# Admin fee for moving frozen embryos



## spangle (Oct 30, 2005)

Hello,

Would value your advice over this matter.

Check out my history first please just to put this in context. I am on good terms with my previous clinic RSH and have contacted them regarding transfering all my 8 frosties to my present clinic. They were fine about this but had a call today to finalise details. I am using a dry shipper from my present clinic to go and fetch them. RSH have now said there will be an admin charge of £107 to do this. I have paid for storage already a fee of £107 for the year which ends in November this year. I am totally outraged and am not happy at all about this.We have had no notification about changes to policy regarding an admin fee and I feel this is very unfair. Can they do this ? Do other clinics charge for this?

Thanks,

Spangle


----------



## LizH (Nov 19, 2004)

Hi Spangle

Sorry I can't answer your question as I've not had to move my frosties.  It seems very unfair that you have to pay the clinic the equivalent of a year's storage to take them out.

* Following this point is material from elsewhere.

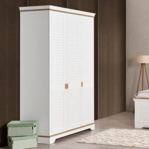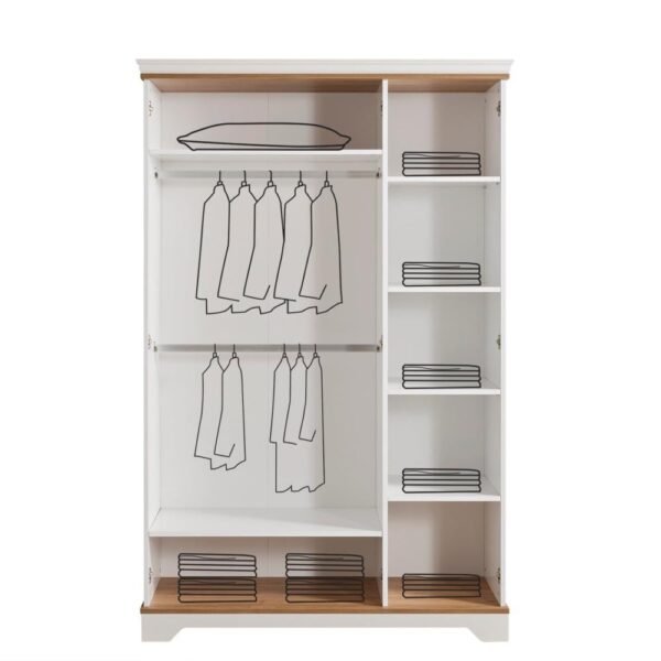 تحتوي الخزانة على ثلاث أبواب كبيرة، مصممة لتوفير وصول سهل ومريح إلى محتويات الخزانة. مع تفاصيل خشبية بارزة تعطي عمقًا وتفاصيل أنيقة.

Are you going to query the charge?

Hope everything works out.

Liz


----------



## rontuck (Jan 6, 2005)

Hi Spangle

I moved my 2 frosties from Barts to the Lister at the beginning of the year & wasn't charged an admin fee! It seems a bit strange as they've already charged you for the storage & also the admin fee seems to be the same amount as the storage fee.  Has someone got confused at the other end? It maybe worth checking again with someone else?

Good luck with the move

Ronnie
x


----------



## spangle (Oct 30, 2005)

Hi,

Thank you for your replies.

Ronnie- Congratulations with your pregnancy- enjoy every minute it is such a special time. I have already checked and they are aware that we have already paid till November they said they looked at my notes. They know me there as well. I am so angry about it, I just don't need this. As it is ,it is going to take me long enough to pick the frosties up and take them to their new destination with out added agro ! They know I am not going to paty the fee ! Am still going to pick them up

Liz- I am definitely querying it, have already ,and am being referred to unit manager who I know. Fingers crossed for your next fet.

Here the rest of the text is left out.